[SOLVED] How to enable adb authentication?

Post Reply
laci
Posts: 12
Joined: Thu Jan 30, 2020 5:02 am
languages_spoken: english
ODROIDs: Odroid N2
Has thanked: 0
Been thanked: 0
Contact:

[SOLVED] How to enable adb authentication?

Post by laci » Thu Jan 30, 2020 5:07 am

I only want to allow specific hosts to access my ODROID-N2 via adb. By default, any host can access it regardless of its fingerprint. How can I enable adb authentication?

Luke.go
Posts: 503
Joined: Mon May 30, 2016 1:55 pm
languages_spoken: english
Has thanked: 51 times
Been thanked: 52 times
Contact:

Re: How to enable adb authentication?

Post by Luke.go » Thu Jan 30, 2020 9:05 am


laci
Posts: 12
Joined: Thu Jan 30, 2020 5:02 am
languages_spoken: english
ODROIDs: Odroid N2
Has thanked: 0
Been thanked: 0
Contact:

Re: How to enable adb authentication?

Post by laci » Thu Jan 30, 2020 9:16 am

I can already connect via adb. I want my ODROID-N2 to disallow every adb connection over the network except from the hosts I explicitly allow.

User avatar
mad_ady
Posts: 8126
Joined: Wed Jul 15, 2015 5:00 pm
languages_spoken: english
ODROIDs: XU4, C1+, C2, C4, N1, N2, H2, Go, Go Advance
Location: Bucharest, Romania
Has thanked: 564 times
Been thanked: 397 times
Contact:

Re: How to enable adb authentication?

Post by mad_ady » Thu Jan 30, 2020 3:54 pm

This topic sounds interesting. Subscribed

User avatar
codewalker
Posts: 958
Joined: Mon Feb 25, 2013 11:03 am
languages_spoken: english
ODROIDs: all
Has thanked: 35 times
Been thanked: 60 times
Contact:

Re: How to enable adb authentication?

Post by codewalker » Thu Jan 30, 2020 6:01 pm

Hi, laci.
We always build and release android as eng not user.
so adb authentication is off.

Code: Select all

346 LOCAL_CFLAGS += -DALLOW_ADBD_NO_AUTH=$(if $(filter userdebug eng,$(TARGET_BUILD_VARIANT)),1,0)
347 
348 ifneq (,$(filter userdebug eng,$(TARGET_BUILD_VARIANT)))
349 LOCAL_CFLAGS += -DALLOW_ADBD_DISABLE_VERITY=1
350 LOCAL_CFLAGS += -DALLOW_ADBD_ROOT=1
351 endif
352 
If you want to include adb authentication, you should rebuild android as not eng.
These users thanked the author codewalker for the post:
Kernel (Fri Jan 31, 2020 3:22 pm)

User avatar
mad_ady
Posts: 8126
Joined: Wed Jul 15, 2015 5:00 pm
languages_spoken: english
ODROIDs: XU4, C1+, C2, C4, N1, N2, H2, Go, Go Advance
Location: Bucharest, Romania
Has thanked: 564 times
Been thanked: 397 times
Contact:

Re: How to enable adb authentication?

Post by mad_ady » Thu Jan 30, 2020 8:09 pm

Maybe there's a way to run some firewall on port 5555. I know netfilter is builtin, maybe there is an android iptables equivalent.
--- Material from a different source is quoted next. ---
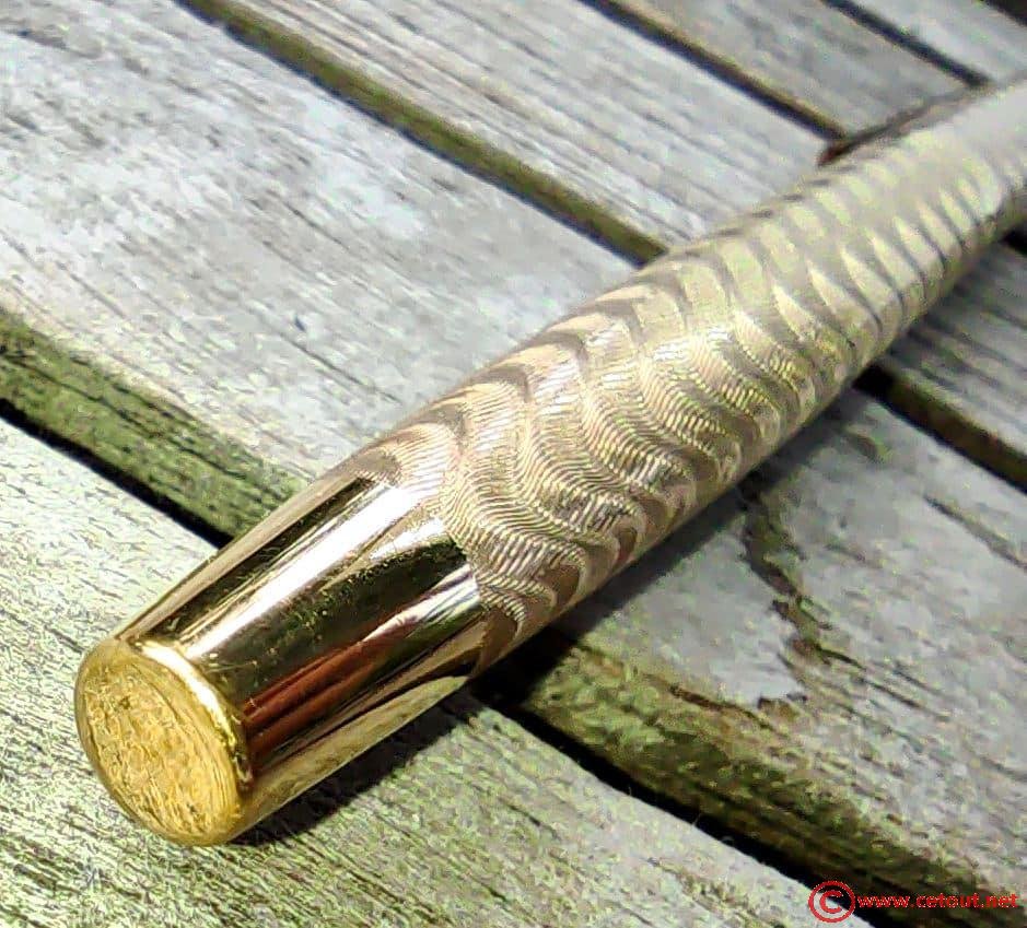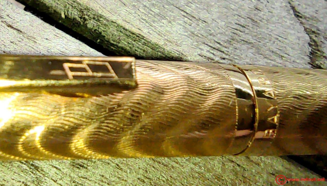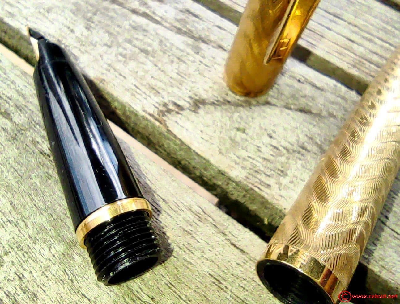 – Capuchon (intact) – PLAQUE OR – agrafe dorée avec un B stylisé. Bague dorée au sommet. Inscriptions sur la bague à la base du capuchon : « BAYARD»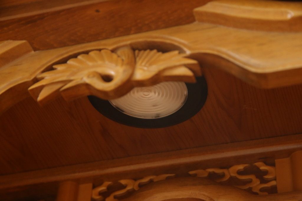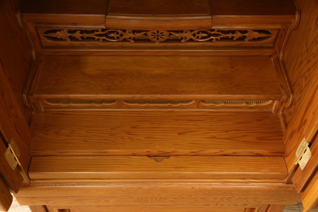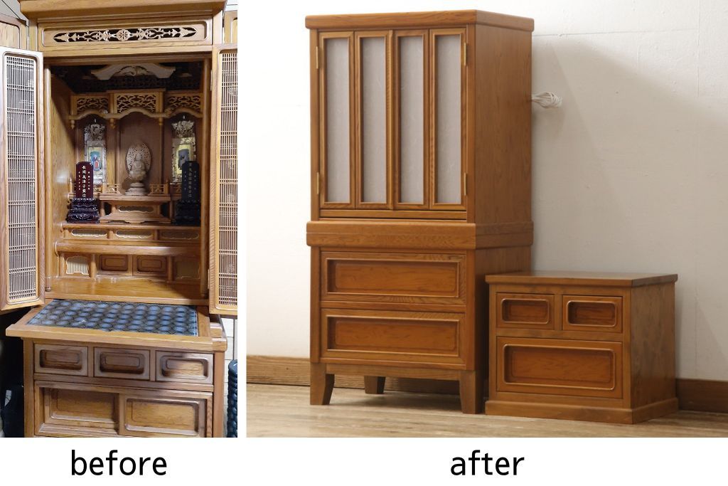 お仏壇を小型仏壇と小引き出しにリメイク!指定サイズにリサイズし、小型仏壇の上段にはアクリルワーロンの4枚戸を設置。下段には引き出し2杯と脚を取り付け。元の扉1枚と引き出しを活用し、小引き出しに。

This way you could have some level of filtering.

laci
Posts: 12
Joined: Thu Jan 30, 2020 5:02 am
languages_spoken: english
ODROIDs: Odroid N2
Has thanked: 0
Been thanked: 0
Contact:

Re: How to enable adb authentication?

Post by laci » Fri Jan 31, 2020 7:38 am

@codewalker Thanks, -DALLOW_ADBD_NO_AUTH is exactly what I'm looking for!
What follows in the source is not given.